▶ **DATA UNDER STUDY**:

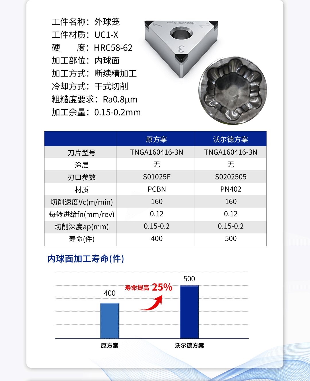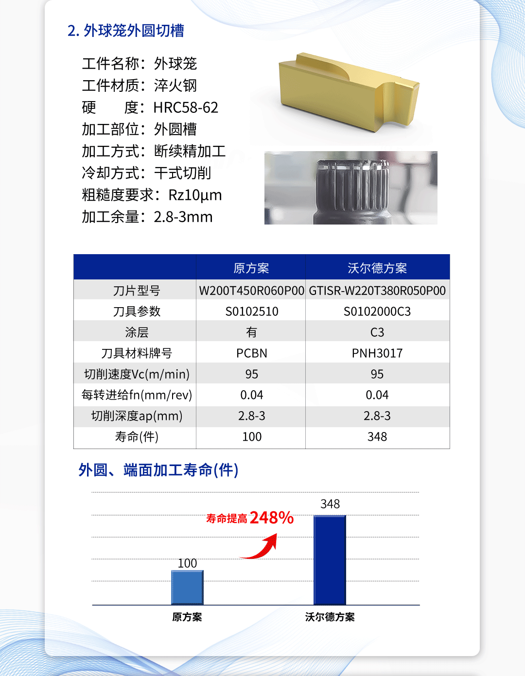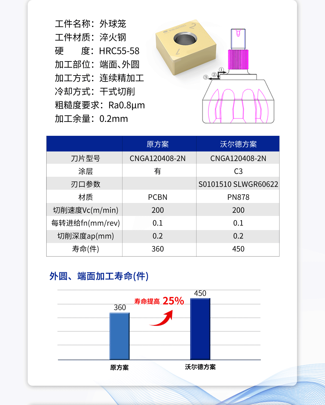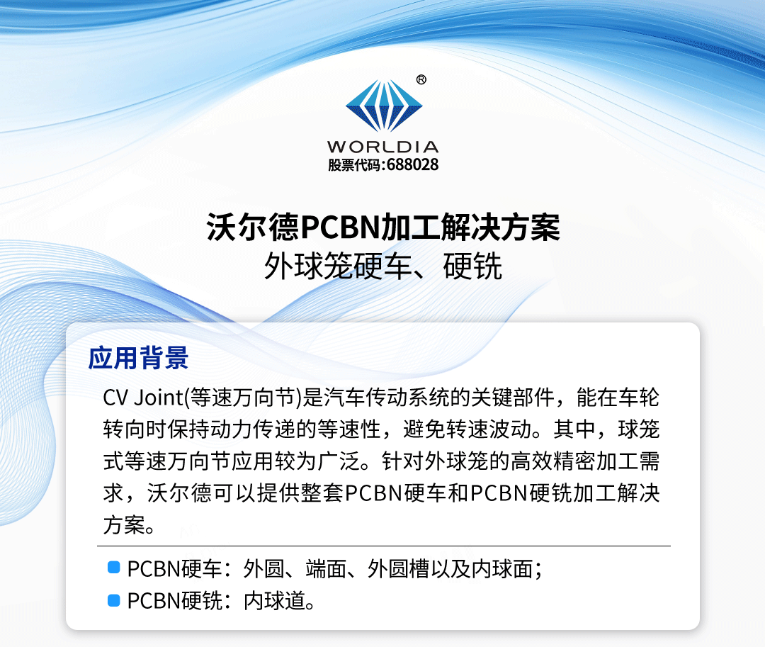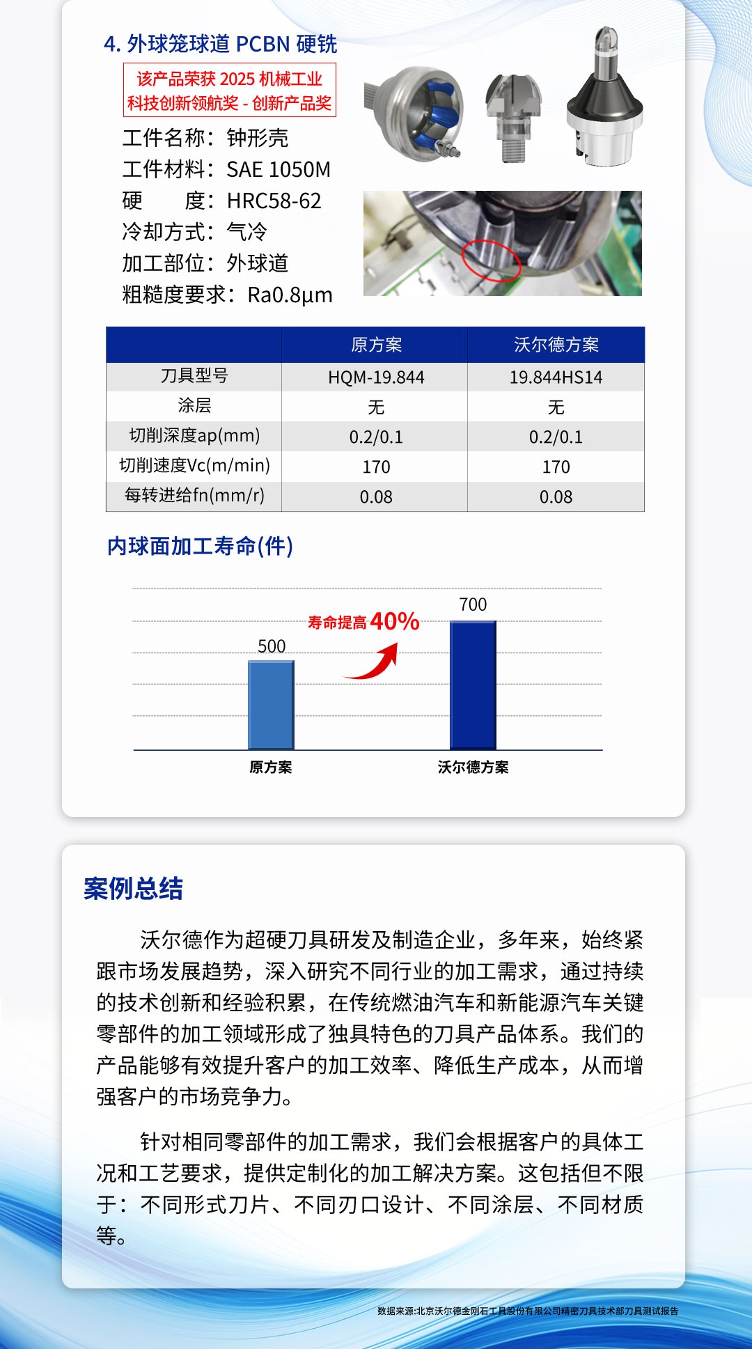 沃尔德PCBN硬车、硬铣加工解决方案:攻克外球笼加工难题 2025-06-09 14:00:33 北京沃尔德金刚石工具股份有限公司 浏览次数 721 上一条沃尔德PCBN刀片,助力大型轴类零件加工 下一条沃尔德定制型PCD立铣刀应用案例-新能源汽车电池仓加工
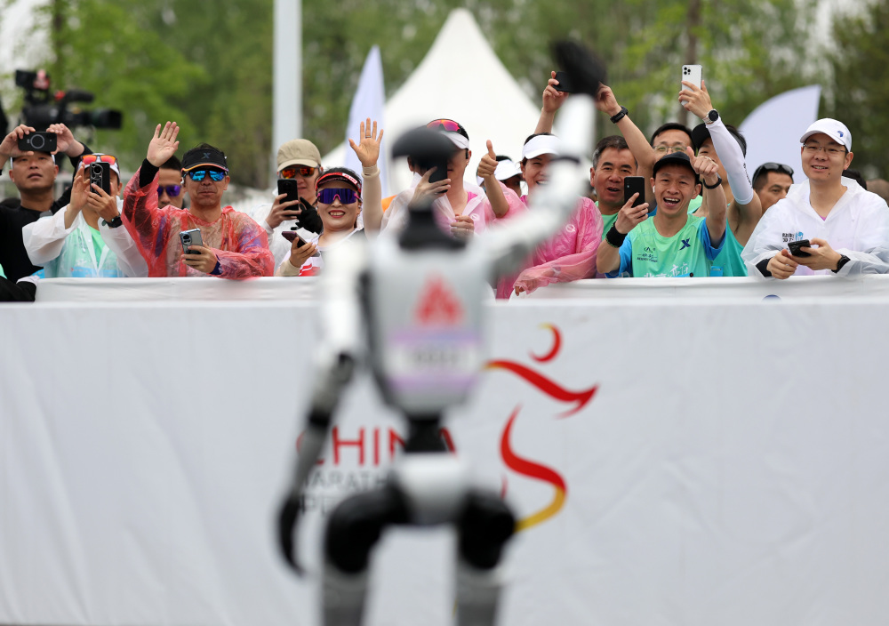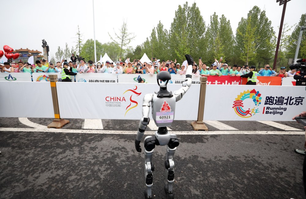4月19日,天工队选手天工Ultra(中)从起点出发。新华社记者 曹灿 摄
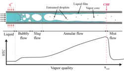 Flow boiling is boiling at a flowing fluid. Compared with pool boiling, flow boiling heat transfer depends on many factors including flow pressure, mass flow rate, fluid type, upstream condition, wall materials, system geometry, and applied heat flux. Characterization of flow boiling requires comprehensive consideration of operating condition.[5] In 2021 a prototype electric vehicle charging cable using flow boiling was able to remove 24.22 kW of heat, allowing the charging current to reach 2,400 amps, far higher than state of the art charging cables that top out at 520 amps.[6]
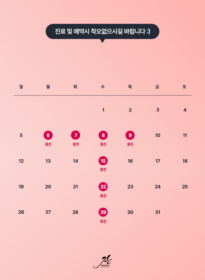 * 공휴일 있는 주는 수요일 대체진료 입니다.
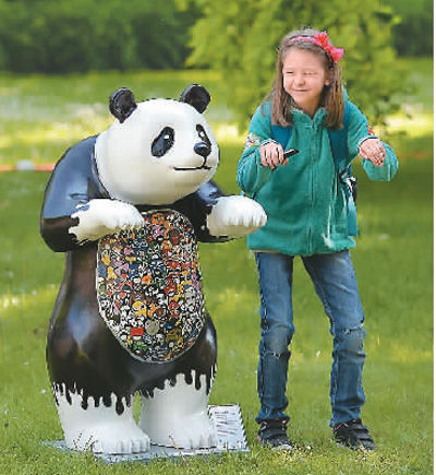 柏林亚太周的彩绘熊猫展上,一位德国小女孩与熊猫塑像合影。
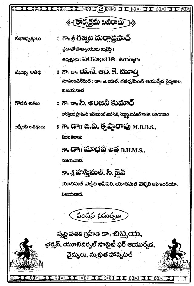 మా కుటుంబ ఆయుర్వేద డాక్టర్ చిన్మయ గారు విజయవాడ బెంజ్ సర్కిల్ దగ్గర ఒక బ్రాంచ్ నీ ప్రారంభిస్తూ ఆ సభకు నన్ను అధ్యక్షులుగా చేసారు అందులో మాట్లాడిన విశేషాలు అందరి కోసం మీ .దు

▶ **HOW TO COMPLETE THIS TASK**: Please give again the entries word for word, starting at the first line and ending with the line that contains "4月19日,天工队选手天工Ultra(中)从起点出发。新华社记者 曹灿 摄"; include both of those lines but none of the pictures.

▶ **RESPONSE**:
 沃尔德PCBN硬车、硬铣加工解决方案:攻克外球笼加工难题 2025-06-09 14:00:33 北京沃尔德金刚石工具股份有限公司 浏览次数 721 上一条沃尔德PCBN刀片,助力大型轴类零件加工 下一条沃尔德定制型PCD立铣刀应用案例-新能源汽车电池仓加工
4月19日,天工队选手天工Ultra(中)从起点出发。新华社记者 曹灿 摄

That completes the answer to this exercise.